The nod to Microsoft and Compaq -- which will each sink
$212.5 million into Road Runner for 10 percent stakes in the venture -- also shuts out
several other Silicon Valley hopefuls that similarly rallied with inclusion cash.

Since Road Runner and MediaOne Express announced plans to
merge in December, a flurry of big names offered up bags of cash; Intel Corp. and Oracle
Corp. subsidiary Network Computer Inc. were two of the more notable checkbook-flashers.

NCI -- which went so far as to send a public-relations
executive to New York in May, in anticipation of signing and publicizing a deal -- may
still have a play.

Executives with Road Runner said that unlike @Home, which
is actively developing ways for its broadband content to work on TVs, Road Runner will
leave those decisions to the individual cable operators.

That means that NCI still has a shot at getting its
"DTV Navigator" products into Time Warner and MediaOne systems.
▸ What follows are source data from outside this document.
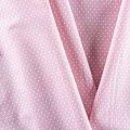 Плательно-блузочная ткань из натурального хлопка в мелкий горошек. Ткань легкая, тонкая, хорошо "дышит", мягкая, не прозрачная, немного тянется за счет эластана в составе. Подойдет для пошива летнего платья, летящей юбки, блузы, сарафана, комбинезона или рубашки.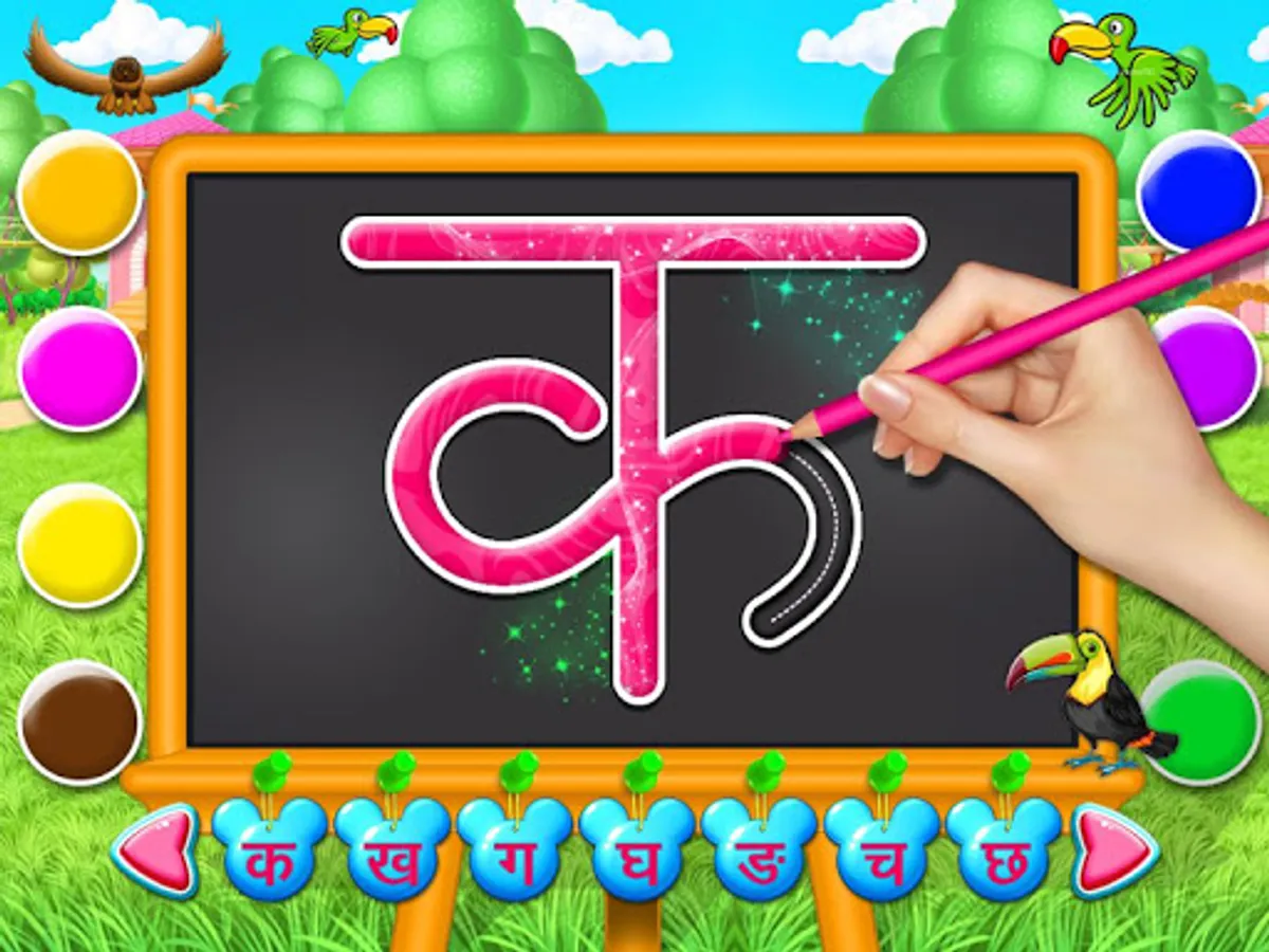 Hindi Alphabet provides a step-by-step guided direction for writing each hindi letter. This game is perfect choice for learning and writing Hindi alphabets.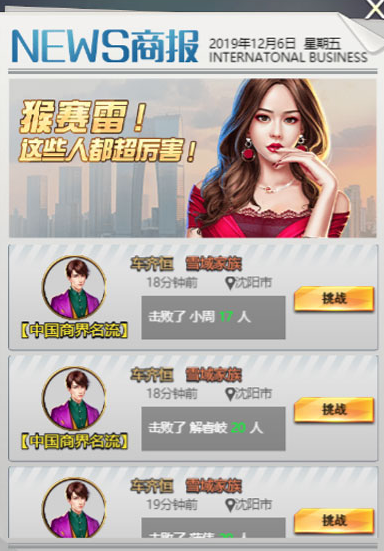5、商报:连续击败人才数达到或超过13人将登上商报,全服玩家均可挑战商报上的玩家。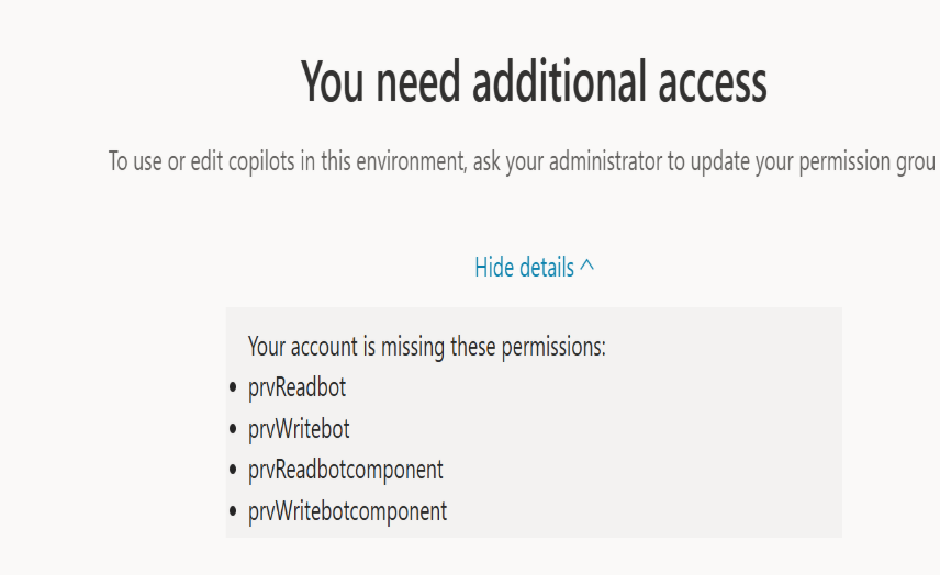 When navigating to https://copilotstudio.microsoft.com, an error message appeared showing the following missing permissions - `prvReadbot`, `prvWritebot`, `prvReadbotcomponent`, `prvWritebotcomponent`, and `prvReadSolution`.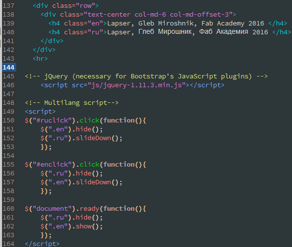 Bootstrap works with jQuery library, which made a very good tool for searching site elements. In particular, just writing "$ (" p ")" allows you performing actions with all the elements "< p >" on the site, and "$ (".test ")" would allow to perform actions with all elements with "test" class . So, that's all I had to do: make duplicates of all the texts on the site, create classes "ru" and "en", make a couple of buttons and write three functions to switching class which is shown on the page.

It also means that Microsoft was unable to win guaranteed
slots for its Windows CE operating system and WebTV Networks software in Road Runner
affiliates' digital set-top devices.

Doug Holmes, executive vice president for MediaOne, said
the Microsoft/Compaq funds are "clearly valued as more than just a financial
investment," but he noted that other than a technical-advisory panel, Microsoft and
Compaq received no governance rights.

"Where they will be active is in setting the
technological direction of the business," Holmes said, describing a technical
committee that's represented 50 percent by Microsoft and Compaq and 50 percent by the
cable partners.

Microsoft thus will have an insider's role in helping
to shape Road Runner's architecture, which could give it an inside track in supplying
software to fit those specifications.

"It feels terrific to finally get it done," said
Glenn Britt, president and CEO of Time Warner Cable Ventures.
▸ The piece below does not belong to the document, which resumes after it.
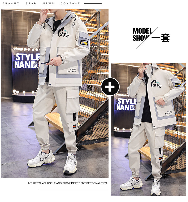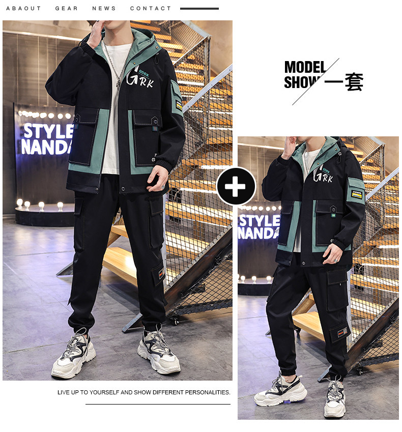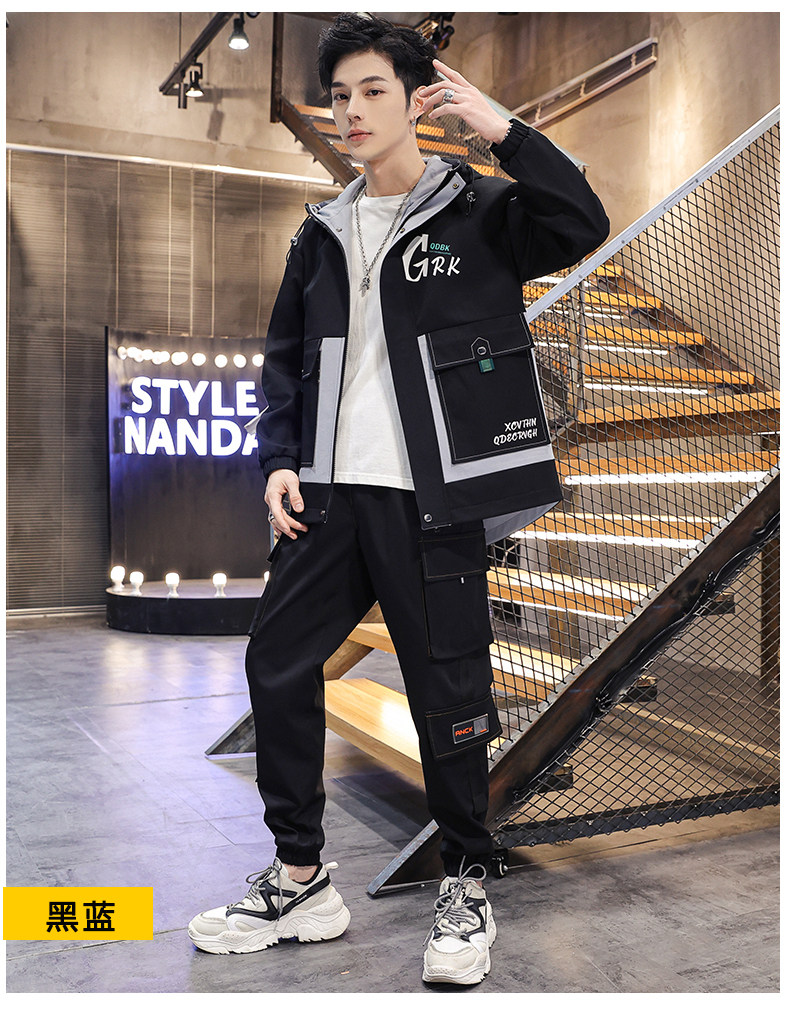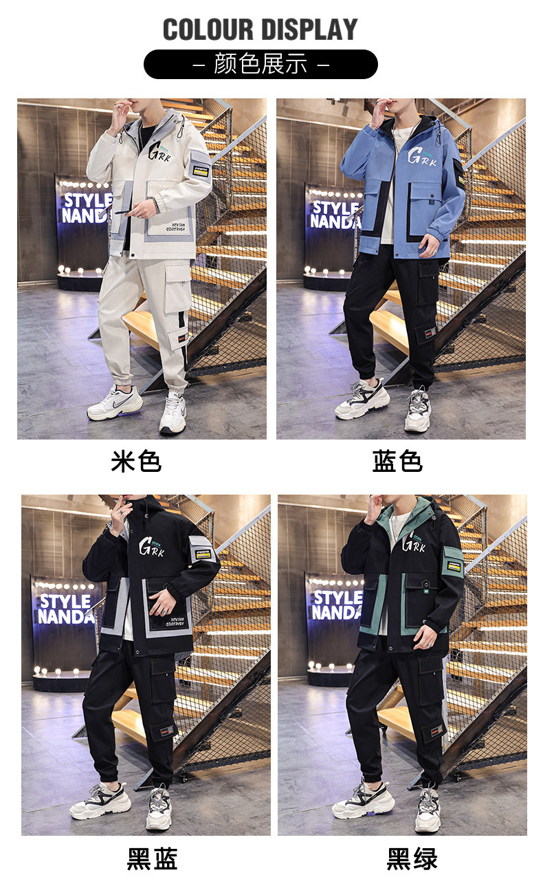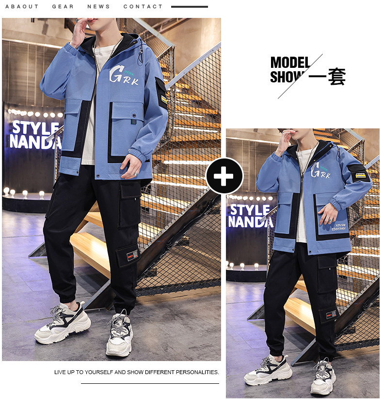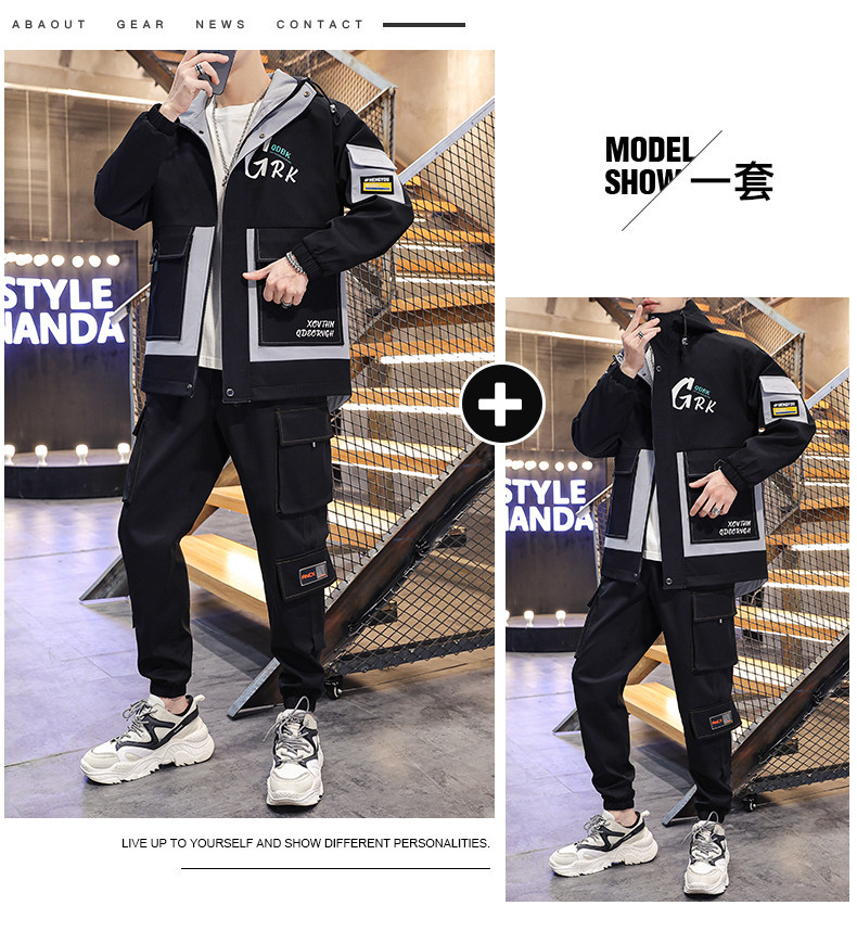 Woodpecker work jacket men's autumn and winter trendy set with handsome casual sports suit men's jacket

Britt said that while there are no contractual agreements
that mandate the use of Microsoft's Internet Explorer software, "clearly, we
expect to use it, and Microsoft has made great progress on it."

Road Runner is also counting on Microsoft's expertise
in client, server and application software "as part of a major effort to accelerate
the delivery of broadband services over cable modems to consumers and small
businesses," Britt said.

Microsoft's intention is to speed the market for
high-speed services, said Steve Guggenheimer, group product manager for Microsoft's
Digital TV group.

"What we get is an opportunity to help determine what
the right technologies are to make this happen more quickly," Guggenheimer said.
"This isn't just a, 'Hey, here's the money' thing. It's a,
'Hey, here's the money -- and here's the expertise' thing."
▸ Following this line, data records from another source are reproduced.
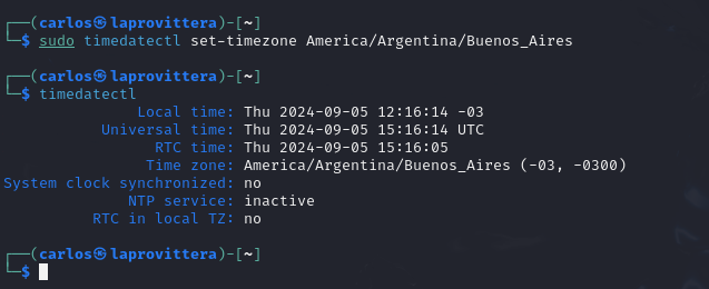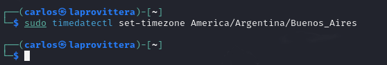 sudo timedatectl set-timezone America/Argentina/Buenos_Aires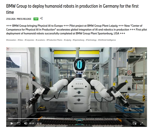 快科技2月27日消息,宝马集团宣布将在德国莱比锡工厂部署人形机器人,这是其首次在欧洲生产体系中引入此类具身智能技术。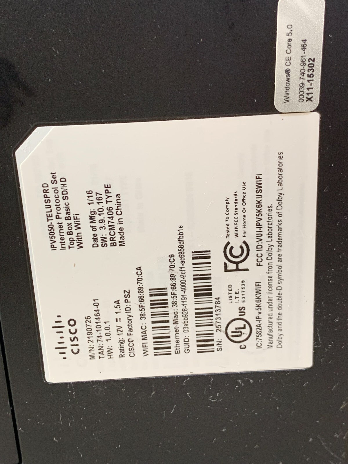 Cisco Technicolor IPV5050 HD Set Top Box With power cord and remote.

Compaq said it intends to market "cable-ready PCs
[personal computers]," outfitted with Ethernet cards, high-speed-data software and --
when they're available, possibly by Christmas -- standards-based cable modems.

Ownership of the venture -- on a fully diluted basis, and
after the 20 percent sliced off for Microsoft and Compaq -- is: Time Warner
Entertainment-Advance/Newhouse (26 percent); MediaOne Group (25 percent); Time Warner
Entertainment, through Time Warner Cable (20 percent); and Time Warner Inc. (9 percent).